I've tried forums before but whenever I start opening up even a little I get embarassed and I leave! I've been in denial about my PTSD until recently and it doesn't help that I don't have an "official" diagnosis (does that mean I'm not allowed on this forum?). I've spoken to a number of counselors and social workers and all of them have mentioned PTSD and I just wave it off and stop seeing them before they can "diagnose" me. I wasn't in battle or raped or anything, so I couldn't possibly have PTSD, right?

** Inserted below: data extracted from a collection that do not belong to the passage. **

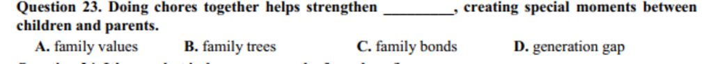 Question 23. Doing chores together helps strengthen....., creating special moments between children and parents.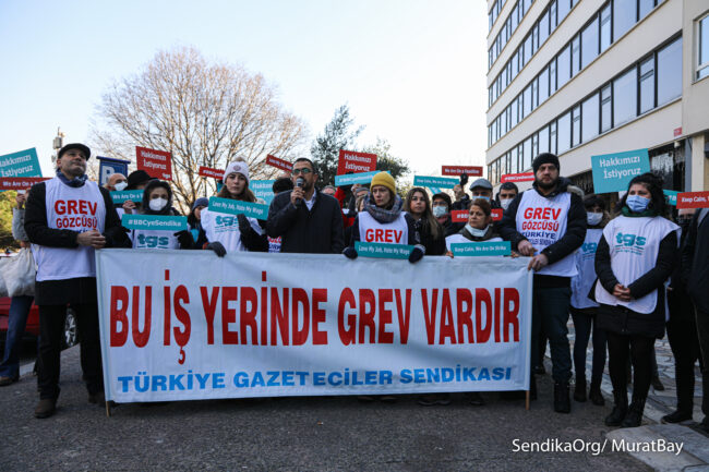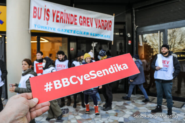 Türkiye Gazeteciler Sendikası (TGS), BBC İstanbul bürosunda çalışan gazeteciler adına 9 Ağustos 2021 tarihinde başlayan toplu iş sözleşmesi görüşmelerinde anlaşma sağlanamaması üzerine bugün grevi başlatırken, işyerine “Bu işyerinde grev vardır” pankartı asıldı.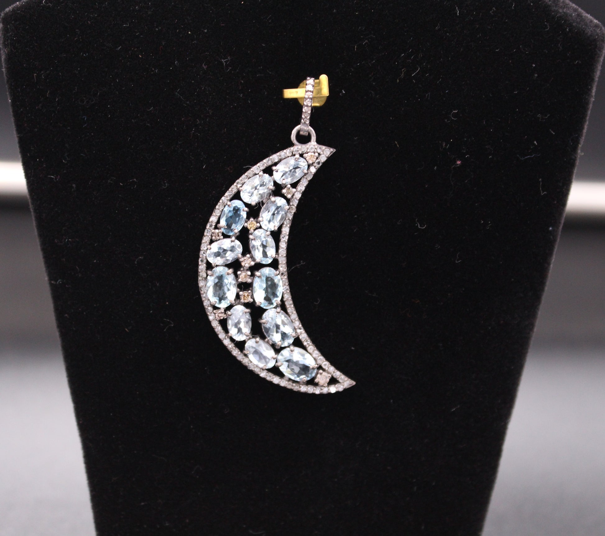 Crescent Moon Diamond & Aqua Marin and Labro Pendant in Gold Rodium look set in Sterling Sliver
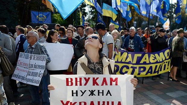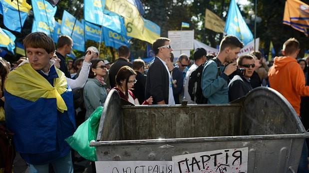 "Никакая ратификация Соглашения об ассоциации между Украиной и Европарламентом не затмит собой необходимость принятия закона о люстрации, и покрышки мы принесли для того, чтобы если депутаты не проголосуют за закон о люстрации, мы покажем им, что такое люстрация от народа", – заявил со сцены один из активистов.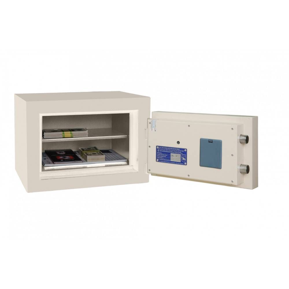 Сейф меблевий, вогнестійкий, електронний кодовий замок, для кріплення на підлогу та стіну, товщина захисного шару 43 мм, 1 поличка, зовнішні розміри: 298 х 420 х 362 мм, внутрішні розміри: 196 х 334 х 220 мм. Вага: 39 кг.

Anyway, I come from a troubled, dysfunctional, yet sincerely loving family, which makes it very difficult to admit to the severe childhood abuse. They truly did the very best they could given the circumstances. My mom has serious emotional problems caused by all kinds of abuse from her adopted mother, ex-spouses, etc. I suspect she's bi-polar but she'll never see anyone, therefore we will never truly know for sure! She's emotional and unpredictable but she means well. My dad was also abused as a child but he turned to alcohol and anger as his coping mechanism. Luckily he's since reformed. Thank the stars these two crazies found each other. :)

I was the only kid of 6 who was physically and verbally abused as a child. Well, that I'm aware of. Chances are that none of my siblings know what I went through. I was the only one who would not run and hide when my parents fought (the really bad kind of fighting: bruises, broken furniture, throwing dishes, the works). I always wanted to "fix" everything. My mom would dump her problems on me even when I was very young, sometimes keeping me up at night crying to me like I was her therapist. On her really bad days she would take out all her frustration on me the way someone would a dog. I was forced to be the glue keeping my parents together. I had to keep my mom emotionally stable, at risk to myself. They're fine now, but I'm not.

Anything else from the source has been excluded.